This is important for the revolution because, as we have said, to make a revolution is to change people’s minds. If enough older people can’t change their minds to accept the revolutionary goals and methods, then the revolution will take longer than if most of them could. This has been long recognized. Many scientific revolutions were not complete until the old guard died off. (Read “ The Structure of Scientific Revolutions” by Thomas S. Kuhn.) If enough adults can’t change their minds and accept new revolutionary knowledge, then the revolution will have to wait for new generations to accept the new knowledge.  

Force and threats are counterproductive. This has been analyzed in the post The Strategic Advantage of Non-violence.

Altruism exists. This simple fact wasted a lot of minds. The assumptions of classical economics  and utility theory were so strongly held that some people wasted huge amounts of time and mental energy trying to prove that altruism does not exist or that it is really just some special case of utility theory. Altruism exists. (Read the book “The Heart of Altruism” by Kristen Renwick Monroe.) This book shows beyond any reasonable doubt that there are some people who are willing to put their own lives at risk in order to help others. It is hard to understand what all the fuss is/was all about. It is obvious altruism exists. Almost all of us are altruistic at various times in our lives!
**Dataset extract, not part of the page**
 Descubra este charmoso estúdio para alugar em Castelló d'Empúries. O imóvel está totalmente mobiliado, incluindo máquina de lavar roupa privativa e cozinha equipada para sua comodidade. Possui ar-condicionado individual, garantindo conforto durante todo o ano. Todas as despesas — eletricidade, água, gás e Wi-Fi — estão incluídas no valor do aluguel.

Let’s start at the beginning. Consider childbirth. Many women have died during childbirth. I’m sure we could find some women who refused to have children for this reason. And most women are/were aware of this risk of death. The very fact that seven billion of us exist right now proves that almost all women were willing to accept this risk for the benefit of their unborn children. We even assume altruism by soldiers who die to save their buddies or who die for their countries. Everything we do has risks. Therefore any time we do anything to help others we are being altruistic. The existence of altruism is a fake problem. Most people in many, many situations throughout their lives cooperate with, work together with, and help other people without thinking about — much less calculating — benefits, losses, gains, or profits. They do it because they want to, because it’s more enjoyable, because they believe it is just a better way to live, at least in those situations where they do cooperate or help one another. People do not always cooperate. They do not always work together. People do not always help others. People are not always altruistic. But most people often are.
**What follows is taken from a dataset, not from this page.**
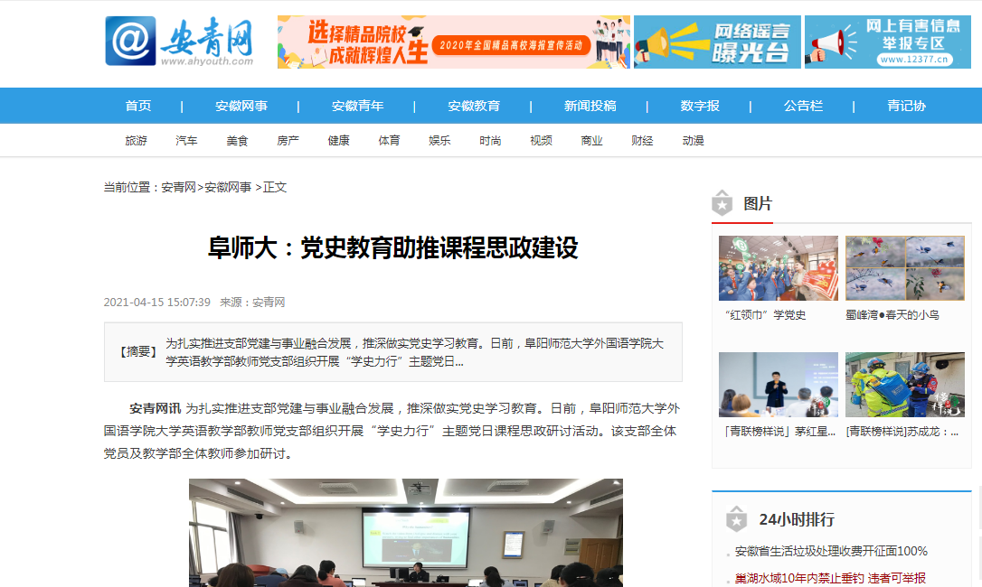 4月15日,安青网报道阜师大:党史教育助推课程思政建设。文章地址:

Altruism can be taught. Generosity is taught. Excessive selfishness is taught. These and many other human behaviors relevant for getting along with others, relevant to a fair and just distribution of human necessities — can be taught. They can be taught in that people can be shown how to recognize situations where more, or less, of these behaviors is better. The amounts of and the situations that are appropriate for all these behaviors vary from culture to culture. This proves they are mostly taught by our cultures. Thus in any particular culture we can change them.

We must take care of ourselves. Our body and brain warn us of various human needs — when we need food, water, when it’s too hot or too cold, of dangers, when we need sleep, when we need to be with other people. We actually take care of all these needs with the help of other people. nobody lives their whole life alone. Even hermits had to have been helped by other people from birth up until the time they become crazy enough to wander off into the mountains or desert to live alone. So if you want to think of a person taking care of his or her individual human needs as a form of selfishness, go ahead. But as I have just said this “selfishness” is almost always accomplished with the help of other people.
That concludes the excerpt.